Drive already mounted at /content/gdrive; to attempt to forcibly remount, call drive.mount("/content/gdrive", force_remount=True).


In [2]:
import pandas as pd
from sklearn.decomposition import NMF
from sklearn.metrics import mean_squared_error
import numpy as np

In [3]:
# Load data
MV_users = pd.read_csv('/content/gdrive/MyDrive/users.csv')
MV_movies = pd.read_csv('/content/gdrive/MyDrive/movies.csv')
train = pd.read_csv('/content/gdrive/MyDrive/train.csv')
test = pd.read_csv('/content/gdrive/MyDrive/test.csv')

In [4]:
# Pivot train and test DataFrames to matrices
train_matrix = train.pivot(index='uID', columns='mID', values='rating')
test_matrix = test.pivot(index='uID', columns='mID', values='rating')

In [5]:
# Handle missing values - here we fill NaNs with zeros
# Adjust this as needed
train_matrix_filled = train_matrix.fillna(0)

In [6]:
# Define model
model = NMF(n_components=20, init='random', random_state=0)

In [7]:
# Fit the model to the train data and obtain W and H matrices
W = model.fit_transform(train_matrix_filled)
H = model.components_



In [8]:
# Compute the predicted ratings
predicted_ratings = np.dot(W, H)

# Convert the predicted ratings to a DataFrame with matching index and columns
predicted_ratings_df = pd.DataFrame(predicted_ratings, index=train_matrix.index, columns=train_matrix.columns)

In [9]:
# Now, you can use `predicted_ratings_df` to find the predicted rating for any user-item pair,
# including those that are missing in the original data.

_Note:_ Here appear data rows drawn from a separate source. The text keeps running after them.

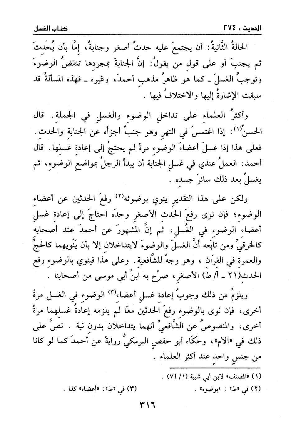 ثم إن المشهور عن أحمد - عندَ اصحابه كالخرقي ومن تابعه -: أن الغسل والوضوء لا يتداخلان، إلا بأن ينويهما، كالحج والعمرة في القرآن، وهو وجه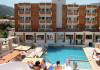 Localizare: Statiunea Marmaris este recunoscuta drept Ibiza turceasca . Cele mai multe hoteluri sunt de 3* nepretentioase, dar foarte curate, cu demipensiune. In ultimii ani, au aparut mai multe hoteluri exclusiviste, cu plaje private. Orasul in sine cuprinde multa verdeata, cu palmieri si flori, dispus de-a lungul tarmului golfului inchis. Peisajul este de o frumusete aparte, iar marea, rece din cauza raurilor care se varsa in ea, este foarte limpede. In centrul orasului se pot vedea si astazi ruinele fortaretei de la care Marmaris si-a preluat numele. Turistii care prefera un sejur mai linistit, in familie, ar putea opta pentru o suburbie draguta a Marmarisului: Icmeler, un adevarat sat de vacanta, cu casute mici, gradini care coboara pana pe plaja de nisip. Hotelul Marti Resort Deluxe este situat la 500 metri de orasul Icmeler si la 8 km de Marmaris. Dotari camere: Camerele sunt dotate cu aer conditionat centralizat, telefon, uscator de par, sistem de incalzire, minibar, pardoseala din parchet si mocheta, balcon, TV cu cablu, baie cu dus si cada, seif. Facilitati hotel: 2 piscine exterioare, piscina pentru copii, 4 lifturi, restaurant exterior, restaurant interior, restaurant cu specific (Italian), 4 baruri ((Kazanova Bar, La Grotta Bar, Pool Bar, Oryental Bar, South Beach Bar), snack bar (la piscina), aer conditionat in spatii publice, Tv cu cablu in receptie, echipa de animatie, room service (disponibil 24 de ore), 4 Sali de conferinta si babysitting, spalatorie, coafor care sunt cu plata. Sala de jocuri (carti, sah, etc), loc de joaca pentru copii, mini club (intre 4-12 ani), mini disco, activitati specifice pentru copii, junior club (intre 13-16 ani, se pot da lectii de dans), sala de fitness, sauna, baie turceasca, tenis de masa, dart, baschet, volei, tenis de camp, echipamentele sportive sunt gratuite. Cu plata sunt: masaj, centru de infrumusetare, billiard, internet cafe, jocuri pe calculator, jocuri cu lumini, sporturi nautice (doar pe plaja), parcare. Animalele de companie sunt acceptate (se pot percepe taxe). Plaja: Plaja este privata, cu nisip si pietricele, ponton, are 115 metri lungime si 33 metri latime, cabine de dus si de schimb; sezlongurile, umbrelele si prosoapele sunt gratis Pagina web: http://www.munamarbeachresort.com/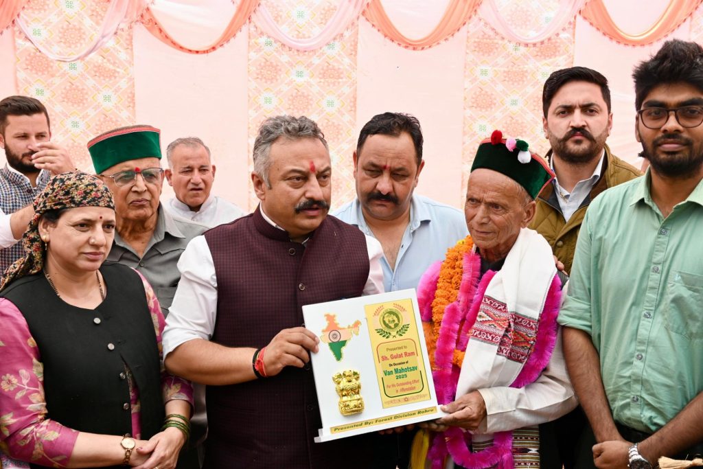 वन महोत्सव के अवसर पर टूटूपानी में शिक्षा मंत्री ने जकटेरली निवासी गुलट राम जोकटा को पर्यावरण के संरक्षण और संवर्धन में उनके योगदान के लिए विशेष रूप से सम्मानित किया और 20 हज़ार रूपये प्रोत्साहन राशि के रूप में देने की घोषणा भी की,गौरतलब है कि गुलट राम एक पर्यावरण प्रेमी व्यक्ति हैं और पिछले 25 वर्षों के दौरान उन्होंने 17000 वृक्ष लगाए है।शिक्षा मंत्री ने उनके प्रयासों की सराहना करते हुए कहा कि गुलट राम वर्तमान समय में प्रत्येक व्यक्ति के लिए एक मिसाल है और पर्यावरण संरक्षण की दिशा में हम सबको उनसे प्रेरणा लेनी चाहिए।इस अवसर पर वन्मण्डलाधिकारी रोहड़ू रविशंकर एवं वन विभाग के अन्य कर्मचारी भी उपस्थित रहे।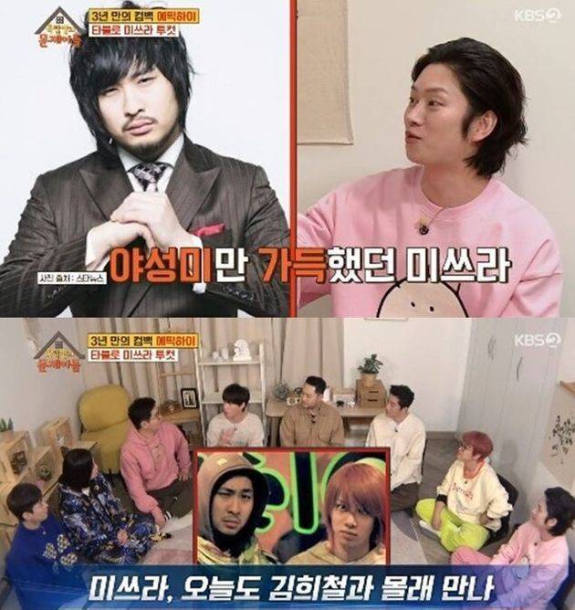 1983년생 동갑내기 절친인 두 사람은 과거 예쁘장했던 김희철과 야성미 넘치던 미쓰라의 극단적인 비주얼 조합 탓에 ‘둘이 사귀는 것 아니냐’는 황당한 열애설까지 돌았던 각별한 사이였죠.

# For evaluation, let's calculate RMSE for the known ratings in the test set.

# Align the shape of the predicted_ratings_df with test_matrix
predicted_ratings_aligned = predicted_ratings_df.reindex_like(test_matrix)

In [10]:
# Identify indices where test matrix has actual ratings
indices = np.where(~np.isnan(test_matrix))

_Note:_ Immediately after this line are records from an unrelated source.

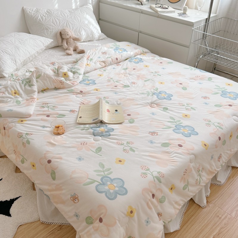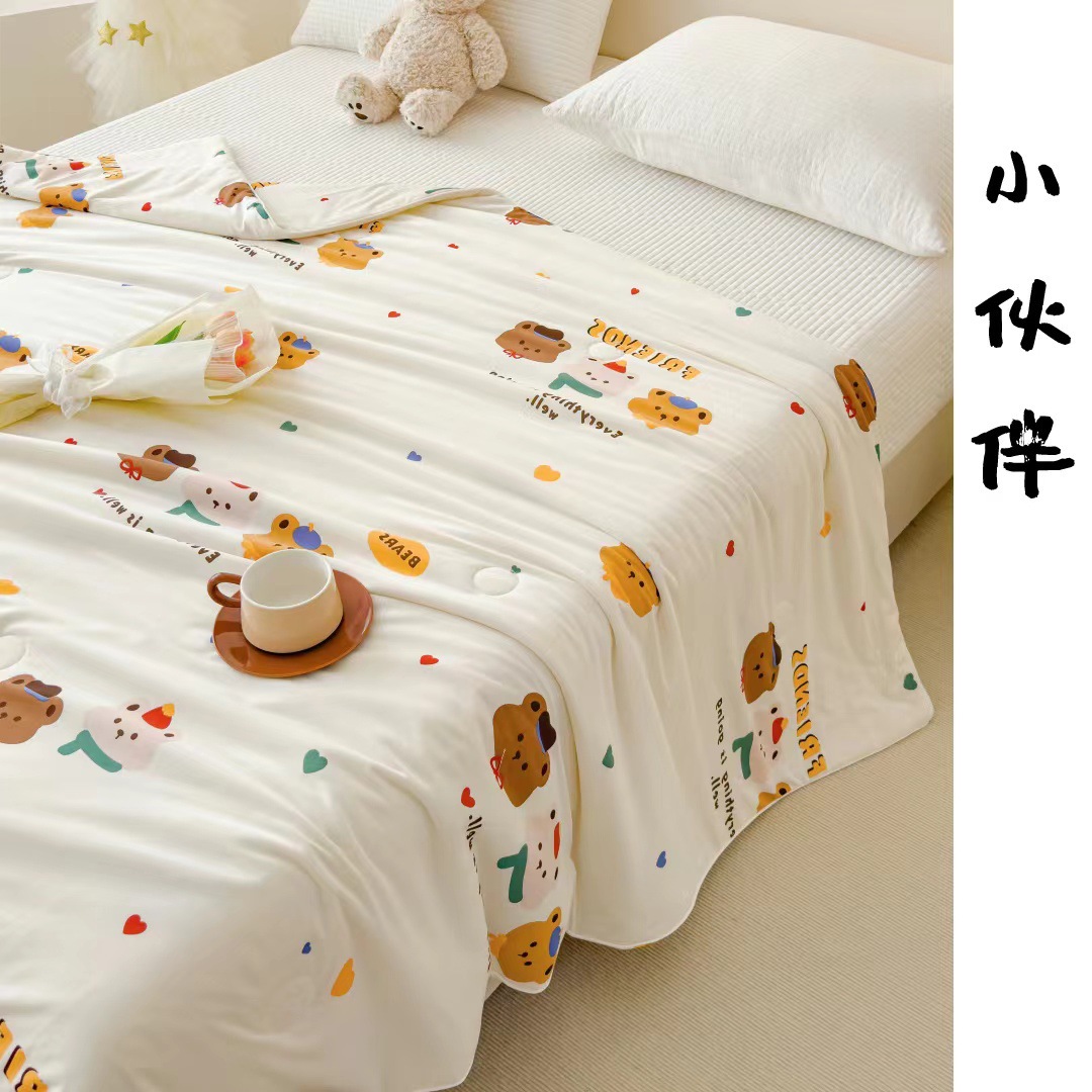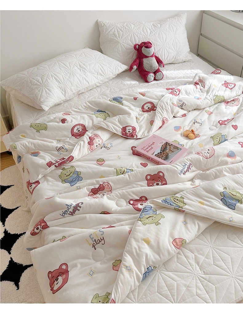 클래스 A 작은 신선한 인쇄 니트 면 여름 이불 콩 여름 시원한 이불 빨 수있는 어린이 에어컨 이불 얇은 이불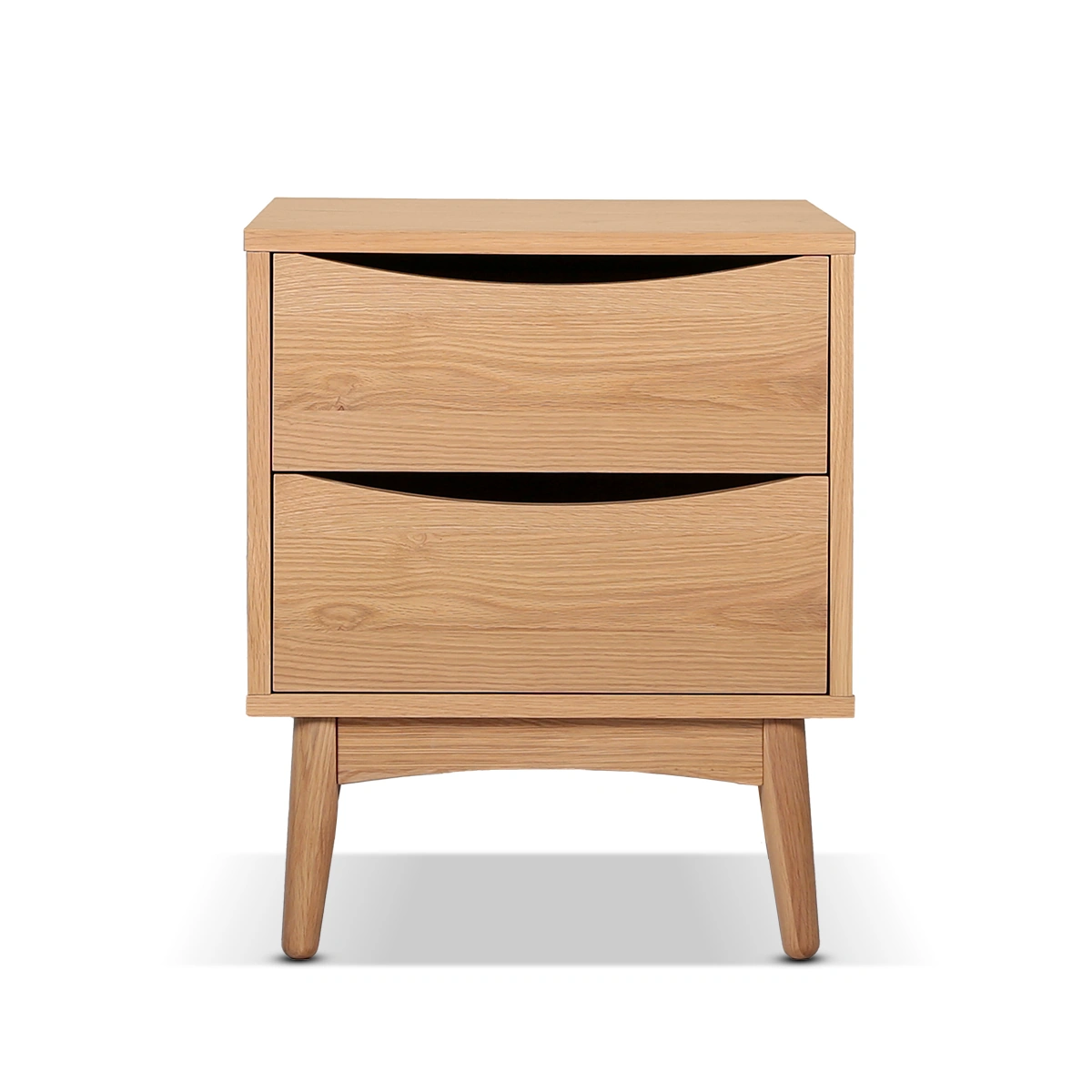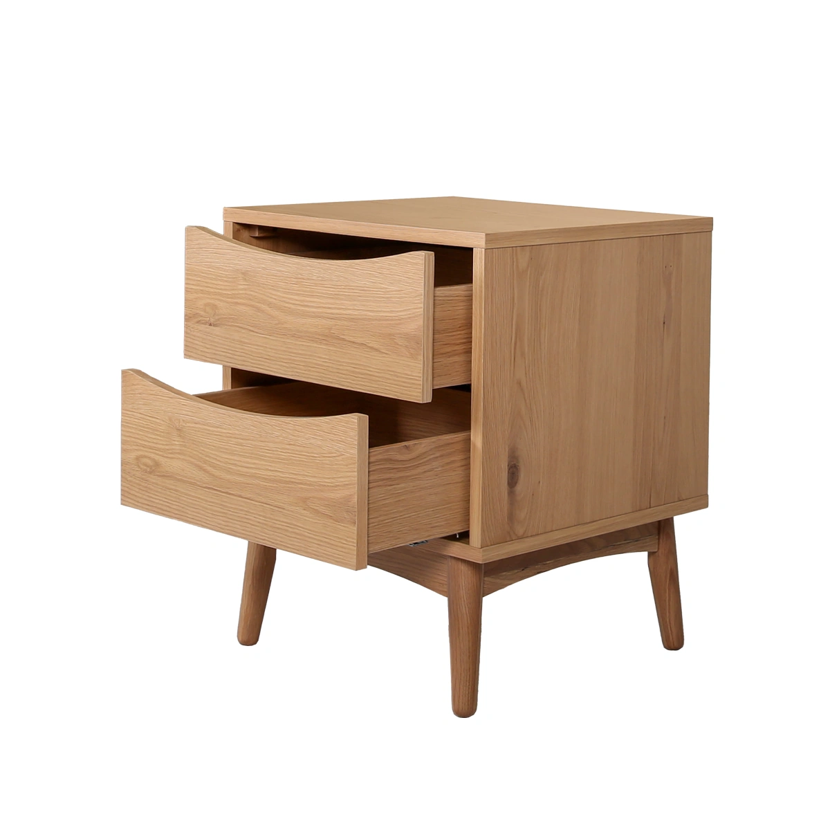 Key features of this nightstand include its compact size (L 50 cm | W 45 cm | H 60 cm), providing both surface space and discreet storage. With its smooth oak veneer top and sturdy solid oak legs, it's the perfect blend of function and style.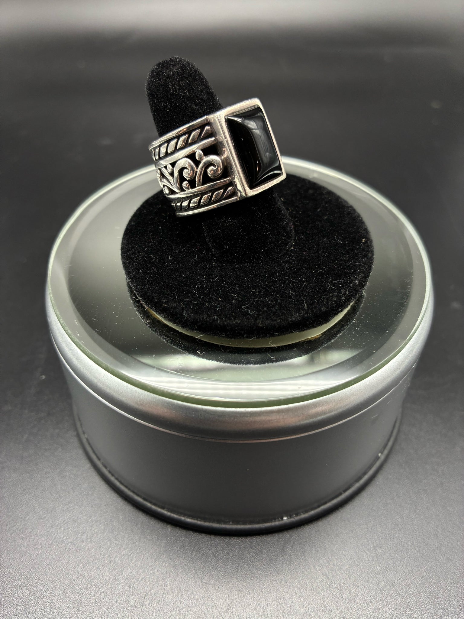 Silpada sterling silver & onyx wide band ring, size 6.5

# Extract the corresponding predictions and actual values
predicted_ratings_masked = predicted_ratings_aligned.values[indices]
actual_ratings = test_matrix.values[indices]

# Drop any pairs where either the prediction or the actual value is NaN
non_nan_indices = np.where(~(np.isnan(predicted_ratings_masked) | np.isnan(actual_ratings)))

predicted_ratings_masked = predicted_ratings_masked[non_nan_indices]
actual_ratings = actual_ratings[non_nan_indices]

# Calculate RMSE
rmse = np.sqrt(mean_squared_error(actual_ratings, predicted_ratings_masked))

print('RMSE: ', rmse)


RMSE:  2.865942566224596


 The RMSE above indicates, on average, how far off the model's predicted ratings are from the actual ratings. An RMSE of 2.86 implies that, on average, the predicted ratings by your model are about 2.86 points off from the actual ratings. Given that the ratings range from 1 to 5, this is a relatively high error.

# 2.

|Method|RMSE|
|:----|:--------:|
|Baseline, $Y_p$=3|1.35 |
|Baseline, $Y_p=\mu_u$|1.20 |
|Content based, item-item|0.98 |
|Collaborative, cosine|0.90 |
|Collaborative, jaccard, $M_r\geq 3$|0.95  |
|Collaborative, jaccard, $M_r\geq 1$|0.92  |
|Collaborative, jaccard, $M_r$|1.05  |
|Sklearn NMF |2.87  |

We can observe that the NMF performs the worst compared to other methods. One of the reasons for this can be because of the missing data. The ratings matrix in a typical movie ratings dataset is sparse, with a lot of missing entries because not all users have rated all movies. Methods like NMF might struggle with such sparse data, while similarity-based methods and collaborative filtering can handle this sparsity more effectively.

One possible solution is to introduce Regularization. Regularization can help mitigate overfitting, which is a common problem when dealing with sparse data. Adding L1 or L2 regularization to the cost function of NMF can help prevent overfitting. Or another option is to research for specialized libraries for building recommendation systems such as Surprise (https://surpriselib.com).